Historicamente no Brasil, a educação infantil se desenvolveu em duas diferentes modalidades de atendimento, pois os contextos de demandas eram distintos. Por um lado, surgiram os jardins de infância (precursores das pré-escolas), inspirados em modelos desenvolvidos em outros países, voltados às crianças de famílias mais abastadas; e, por outro, as creches destinadas às crianças das camadas trabalhadoras – especialmente da recém classe operária brasileira – de cunho essencialmente assistencialista. A segunda foi, durante muito tempo uma instituição para abrigar e salvar crianças (pobres) cujas famílias, consideradas desajustadas, não possuíam estrutura para fazer. Assim, a maior preocupação das propostas presentes nas creches era com a higiene, considerada extremamente precária entre as camadas populares, e com a saúde, tendo em vista o altíssimo grau de mortalidade infantil.

A expansão da pré-escola se dá em um contexto de difusão da teoria da privação cultural e da proposta da educação compensatória, transformando o espaço que anteriormente valorizava mais a recreação e a socialização, em um local de preparação da criança para a escola regular (o lema passa ser o combate ao fracasso escolar).

Enquanto isso, as creches permaneceram no âmbito do bem estar social, cuja função prioritária era a guarda da criança; e foi durante muito tempo concebida como substituta materna, ou seja, como uma instituição que acolhia crianças enquanto suas mães trabalhavam fora de casa. Essa vinculação, segundo Rosemberg (1989), trouxe pesadas conseqüências à instituição, tanto na perspectiva de sua expansão, como na busca de sua identidade, uma vez que o serviço era visto como emergencial e provisório.

A década de 1980 pode ser considerada um divisor de águas na trajetória da educação infantil brasileira; foi marcada pelas lutas sociais (Movimento de Luta por Creches), pela movimentação de profissionais ligados à pesquisa e ao atendimento à infância, que discutiam creche e pré-escola no mesmo campo temático, visando o pleno desenvolvimento da criança, e também pela Constituição Federal que reconheceu como direito da criança e dever do Estado o acesso à educação em creches e pré-escolas.

Art 208. O dever do Estado com educação será efetivado mediante garantia de: (...) IV – atendimento em creche e pré-escola às crianças de zero a seis anos.

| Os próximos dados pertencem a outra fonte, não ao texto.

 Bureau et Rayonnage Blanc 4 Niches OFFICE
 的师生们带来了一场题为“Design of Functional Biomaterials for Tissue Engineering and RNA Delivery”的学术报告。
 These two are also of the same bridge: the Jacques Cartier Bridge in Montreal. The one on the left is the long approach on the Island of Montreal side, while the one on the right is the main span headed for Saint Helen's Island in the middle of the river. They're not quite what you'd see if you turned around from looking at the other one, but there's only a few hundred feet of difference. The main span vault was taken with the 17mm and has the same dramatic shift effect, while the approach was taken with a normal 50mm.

Nos anos de 1990 entram em cena o Estatuto da Criança e do Adolescente - ECA (1990, art.54), e a nova Lei de Diretrizes e Bases da Educação Nacional - LDB (1996) que inclui a creche ao lado da pré-escola na área de competência da educação e traz também o debate em torno da dicotomia cuidar e educar, na perspectiva da sua integração.

Nesse momento histórico percebe-se, ao menos do ponto de vista legal, uma tendência de integração entre o cuidar e o educar, na medida em que a instituição que acolhe a criança, quer seja a creche, quer seja a pré-escola, faz na perspectiva do direito e não mais do “favor”; e que famílias e instituições têm que ser parceiras e atuar de forma que uma seja complementar à outra.

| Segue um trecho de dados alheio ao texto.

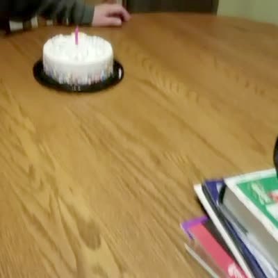 A grandmother sits at a dinner table and a teen boy and his mom sing her "happy birthday". The older woman blows out the candle on her cake but a dog jumps up next to her and starts to eat it but she laughs and pushes him away.
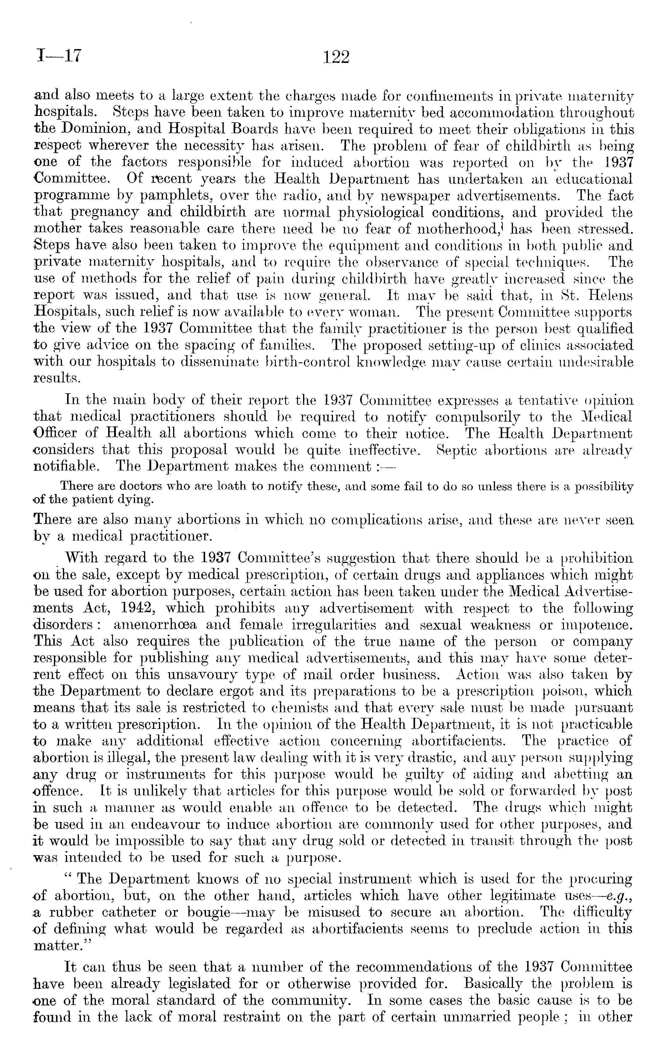 and also meets to a large extent the charges made for confinements in private maternity hospitals. Steps have been taken to improve maternity bed accommodation throughout the Dominion, and Hospital Boards have been required to meet their obligations in this respect wherever the necessity has arisen. The problem of fear of childbirth as being one of the factors responsible for induced abortion was reported on by the 1937 Committee. Of recent years the Health Department has undertaken an educational programme by pamphlets, over the radio, and by newspaper advertisements. The fact that pregnancy and childbirth are normal physiological conditions, and provided the mother takes reasonable care there need be no fear of motherhood,' has been stressed. Steps have also been taken to improve the equipment and conditions in both public and private maternity hospitals, and to require the observance of special techniques. The use of methods for the relief of pain during childbirth have greatly increased since the report was issued, and that use is now general. It may be said that, in St. Helens Hospitals, such relief is now available to every woman. The present Committee supports the view of the 1937 Committee that the family practitioner is the person best qualified to give advice on the spacing of families. The proposed setting-up of clinics associated with our hospitals to disseminate birth-control knowledge may cause certain undesirable results. In the main body of their report the 1937 Committee expresses a tentative opinion that medical practitioners should be required to notify compulsorily to the Medical Officer of Health all abortions which come to their notice. The Health Department considers that this proposal would be quite ineffective. Septic abortions are already notifiable. The Department makes the comment: — There are doctors who are loath to notify these, and some fail to do so unless there is a possibility of the patient dying. There are also many abortions in which no complications arise, and these are never seen by a medical practitioner. With regard to the 1937 Committee's suggestion that there should be a prohibition on the sale, except by medical prescription, of certain drugs and appliances which might be used for abortion purposes, certain action has been taken under the Medical Advertisements Act, 1942, which prohibits any advertisement with respect to the following disorders : amenorrhoea and female irregularities and sexual weakness or impotence. This Act also requires the publication of the true name of the person or company responsible for publishing any medical advertisements, and this may have some deterrent effect on this unsavoury type of mail order business. Action was also taken by the Department to declare ergot and its preparations to be a prescription poison, which means that its sale is restricted to chemists and that every sale must be made pursuant to a written prescription. In the opinion of the Health Department, it is not practicable to make any additional effective action concerning abortifacients. The practice of abortion is illegal, the present law dealing with it is very drastic, and any person supplying any drug or instruments for this purpose would be guilty of aiding and abetting an offence. It is unlikely that articles for this purpose would be sold or forwarded by post in such a manner as would enable an offence to be detected. The drugs which might be used in an endeavour to induce abortion are commonly used for other purposes, and it would be impossible to say that any drug sold or detected in transit through the post was intended to be used for such a purpose. " The Department knows of no special instrument which is used for the procuring of abortion, but, on the other hand, articles which have other legitimate uses—e.g., a rubber catheter or bougie—may be misused to secure an abortion. The difficulty of defining what would be regarded as abortifacients seems to preclude action in this matter." It can thus be seen that a number of the recommendations of the 1937 Committee have been already legislated for or otherwise provided for. Basically the problem is one of the moral standard of the community. In some cases the basic cause is to be found in the lack of moral restraint on the part of certain unmarried people ; in other

Todavia, a realidade tem demonstrado uma larga distância entre a legislação e a prática, pois os dados revelam que apenas 15,5% das crianças freqüentam creche (INEP, 2006), enquanto que as metas do Plano Nacional de Educação (PNE) para o período eram de 30%. E os percentuais tornam se ainda mais cruéis quando se trata de equidade, tendo em vista que, somente 28,9% das crianças até seis anos que integram os 20% da população mais pobre freqüentam estabelecimentos de ensino (PNAD, 2003).

E no que se refere mais especificamente à qualidade do atendimento na educação infantil, percebe-se que a dicotomia entre o cuidar e o educar persiste, pois, nos ambientes de creche predominam as atividades relacionadas ao cuidado (ligadas ao corpo), o foco são as crianças de famílias com necessidades, o atendimento geralmente ocorre em período integral, as profissionais são menos qualificadas – apenas 29% dos professores das creches possuem nível superior (MEC/INEP/Censo Escolar, 2005), a jornada de trabalho é maior e funciona de 11 a 12 meses ao ano. Já nas pré-escolas o atendimento ocorre preferencialmente em período parcial, o critério de admissão é geralmente a idade (privilegia-se às crianças mais velhas), as docentes são mais qualificadas 40% possuem nível superior (MEC/INEP/Censo Escolar, 2005), a jornada de trabalho é menor e o funcionamento obedece ao calendário escolar (200 dias letivos). Principalmente nas creches, boa parte dos espaços de atendimento, não seguem ainda, as orientações descritas no PNE (além de não dispor de mobiliário, brinquedos e outros materiais pedagógicos adequados).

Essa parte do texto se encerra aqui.